Le ministre Mory Condé dénonce le côté budgétivore de la CENI : « le bâtiment qui abrite l’ancienne CENI était payé à 650 000 000 GNF par mois »

A l’occasion d’une rencontre avec les partis politiques à Conakry hier, lundi 10 janvier 2022, le ministre de l’administration du territoire et de la décentralisation (MATD) s’est employé à révéler le côté budgétivore de la CENI (commission électorale nationale indépendante) qui a organisé la présidentielle du 18 octobre dernier. Mory Condé assure que cette institution était une saignée financière pour l’Etat, en ce sens qu’elle engloutissait des montants faramineux sur fond de surfacturation.
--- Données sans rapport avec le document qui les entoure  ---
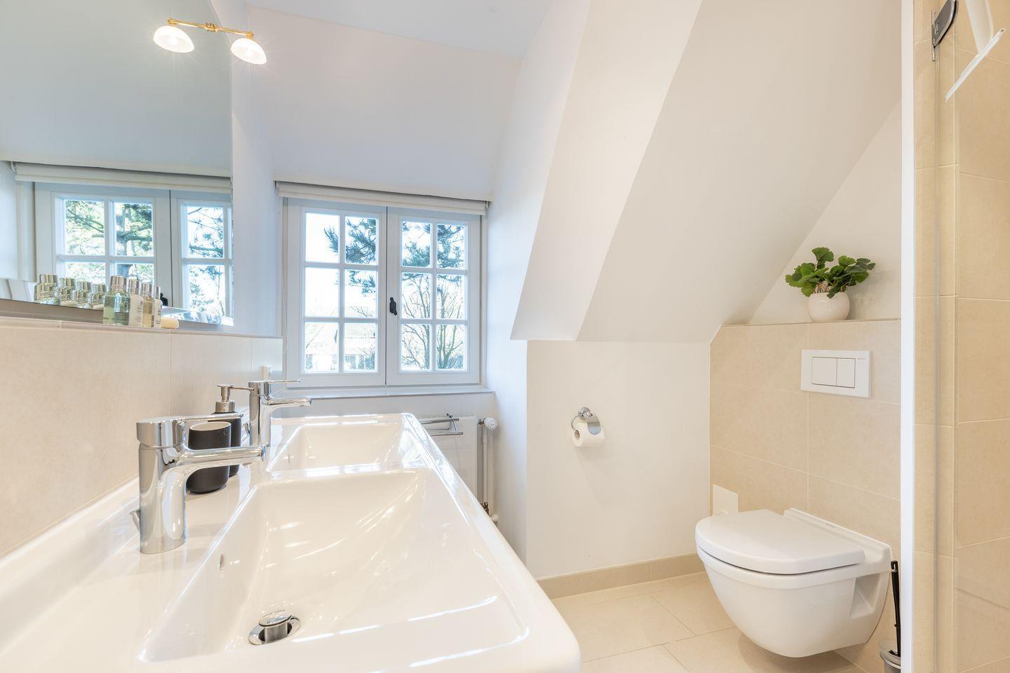 Badezimmer 1: Bad mit ebenerdiger Dusche, doppeltem Waschtisch und hoch modernen Natursteinfliesen

Selon l’actuel patron du MATD, avant l’arrivée du CNRD (la junte militaire qui évincé Alpha Condé : ndlr) au pouvoir, l’Etat guinéen déboursait 650 millions de francs guinéens par mois pour les frais de location de la CENI. Ce qui, à ses yeux, est absurde. Le ministre Mory Condé assure qu’on a simplement créé « des saignées financières au niveau de l’État pour assouvir des intérêts personnels ». Et, il révèle que les frais de location du siège du démembrement de la CENI à Dalaba s’élèvent à 76 millions de francs guinéens par mois.

Pour ce qui est de l’organisation des prochaines élections, le ministre du MATD a exprimé la volonté du gouvernement à ramener cette tâche à l’administration du territoire. Mais, pour rassurer les formations politiques de la bonne foi des autorités, Mory Condé a laissé entendre qu’il sera permis « aux politiciens d’être dans un comité de veille qui sera associé à toutes les étapes du processus ».

Guineematin.com vous propose ci-dessous l’extrait de cette allocution du ministre de l’administration du territoire et de la décentralisation devant les partis politiques.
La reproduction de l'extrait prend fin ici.